Strip out the pictures and output each remaining line of the data word for word.

§ **AVAILABLE DATA**
*** Block opens ***
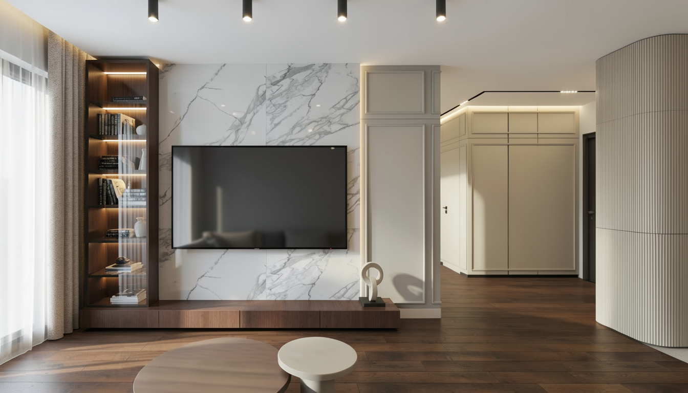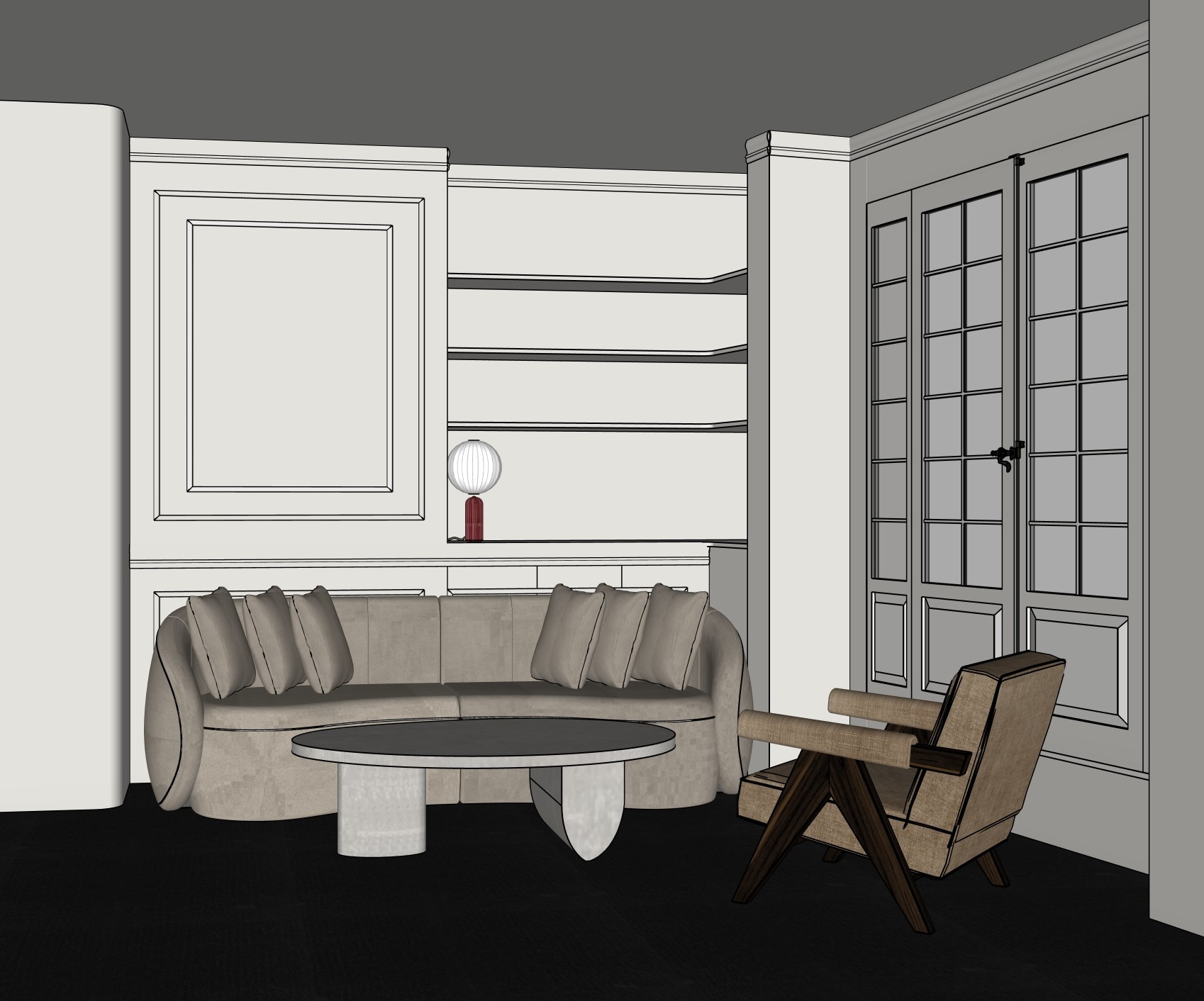 the appartment is on the 6th floor in a parisian building the walls are in very light greige the floor is in black wood the sofa is in moody terracotta velvet the ceiling is in the same color as the walls the espagnolette bolt is in dark bronze add some ancient books on the shelves the tabvle is in travertine the frame of the window is the same color as the walls
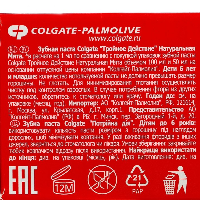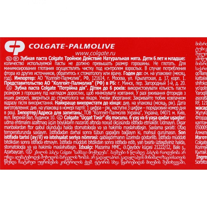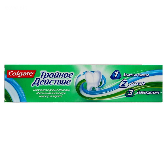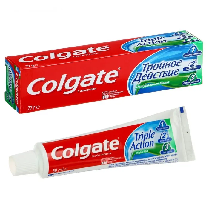 Зубная паста обеспечивает максимальную защиту от кариеса. Эта трехцветная зубная паста оказывает тройное действие: помогает защищать зубы от кариеса, помогает удалять потемнения с поверхности зубов и освежает дыхание. Что немаловажно, Colgate Тройное Действие обладает приятным мятным вкусом.
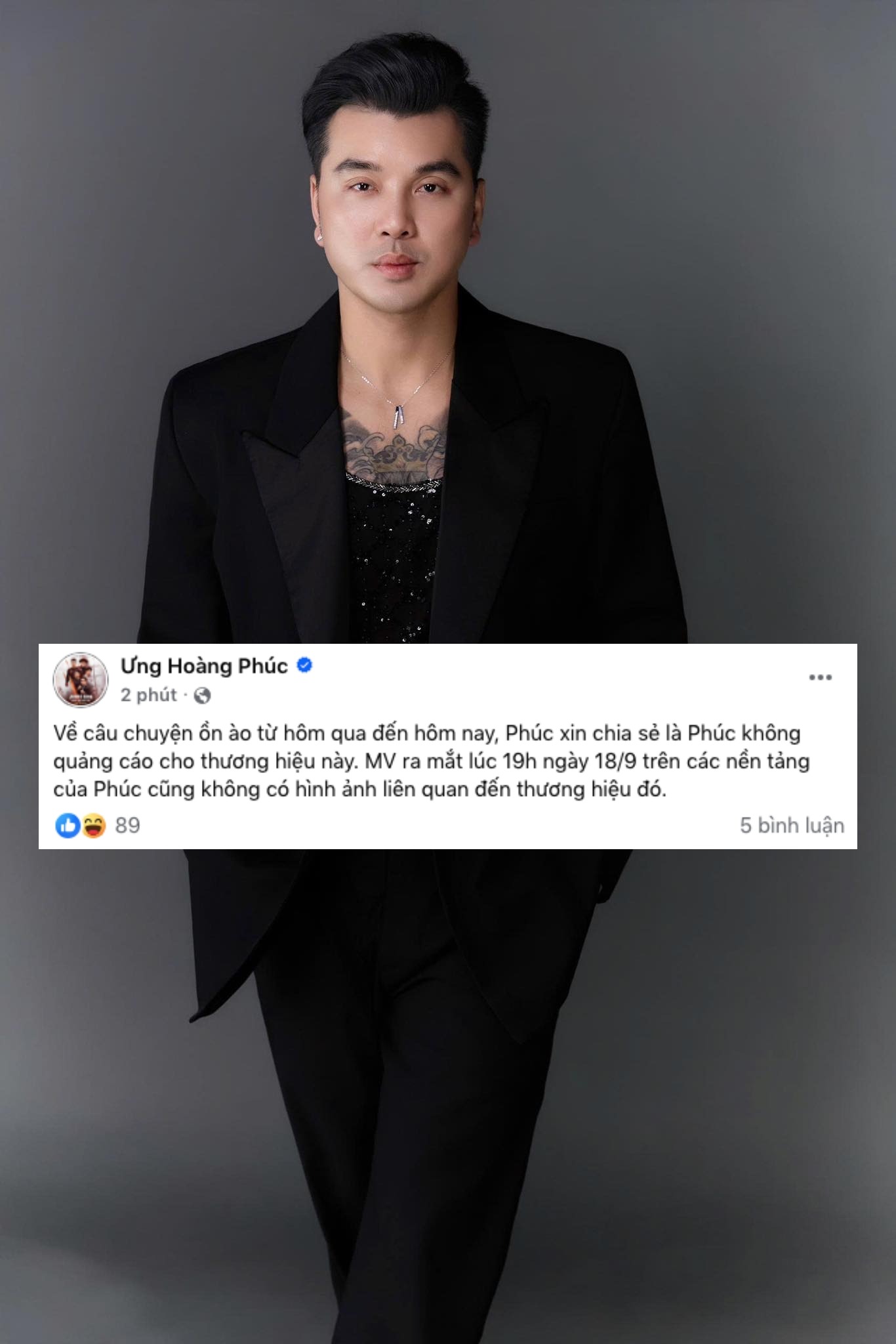 "Về câu chuyện ồn ào từ hôm qua đến hôm nay, Phúc xin chia sẻ là Phúc không quảng cáo cho thương hiệu này. MV ra mắt lúc 19h ngày 18/9 trên các nền tảng của Phúc cũng không có hình ảnh liên quan đến thương hiệu đó", Ưng Hoàng Phúc viết.
*** Block closes ***
§ **FINISHED TASK**
 the appartment is on the 6th floor in a parisian building the walls are in very light greige the floor is in black wood the sofa is in moody terracotta velvet the ceiling is in the same color as the walls the espagnolette bolt is in dark bronze add some ancient books on the shelves the tabvle is in travertine the frame of the window is the same color as the walls
 Зубная паста обеспечивает максимальную защиту от кариеса. Эта трехцветная зубная паста оказывает тройное действие: помогает защищать зубы от кариеса, помогает удалять потемнения с поверхности зубов и освежает дыхание. Что немаловажно, Colgate Тройное Действие обладает приятным мятным вкусом.
 "Về câu chuyện ồn ào từ hôm qua đến hôm nay, Phúc xin chia sẻ là Phúc không quảng cáo cho thương hiệu này. MV ra mắt lúc 19h ngày 18/9 trên các nền tảng của Phúc cũng không có hình ảnh liên quan đến thương hiệu đó", Ưng Hoàng Phúc viết.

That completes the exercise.